In the age of the pandemic, the difference between EBM and SBM is even more salient. The perfect example is ivermectin for COVID-19. As I wrote many moons ago, SBM mavens all immediately realized that, even if you accepted the rationale proposed at face value, ivermectin was incredibly implausible as an effective therapy for COVID-19 just based on the in vitro data alone. It was basic pharmacology. A drug (like ivermectin) that only inhibits the target protein at a concentration that is at least nearly 70-fold higher than the highest blood concentration of drug that can be safely achieved using standard dosing is incredibly unlikely to be an effective treatment. It’s also a general principle that most highly effective drugs inhibit their target at nanomolar or ng/ml concentrations, not micromolar or μg/ml concentrations. Candidate drugs that only inhibit their target at such high concentrations, in general, tend to be incredibly unlikely to be useful drugs. Surprise! When higher quality RCTs were completed (compared to a number of low quality RCTs that showed an effect of ivermectin on COVID-19), it turned out that ivermectin is ineffective against the disease.
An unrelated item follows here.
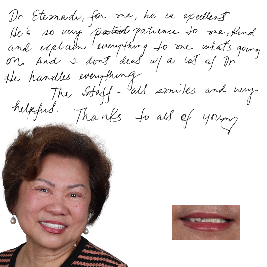 These are real patients who once hid their smiles out of shame or discomfort. With Same Day Implants by Dr. Naeem Etemadi, they regained not just their teeth—but their confidence and quality of life.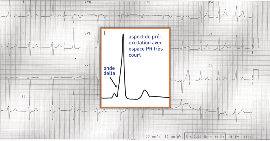 Rythme sinusal; aspect de pré-excitation avec espace PR très court, onde delta; déviation axiale gauche du QRS; aspect Qs en V1, QR en V2; probable voie accessoire postéro-septale droite

My hope now, as it was the last time I wrote about ivermectin, is that SBM thinking will be more likely to sway EBM adherents who don’t really take into account prior plausibility in evaluating RCT evidence and therefore take much longer to reach a conclusion that is obvious to SBM about a treatment, in the case of ivermectin that it doesn’t work against COVID-19. Unfortunately, the example of acupuncture tells me that it’s unlikely that this will ever happen, given that decades after it was apparent that acupuncture is nothing more than a theatrical placebo, studies like this one are still being carried out and reported as positive when, for all practical purposes, they are not.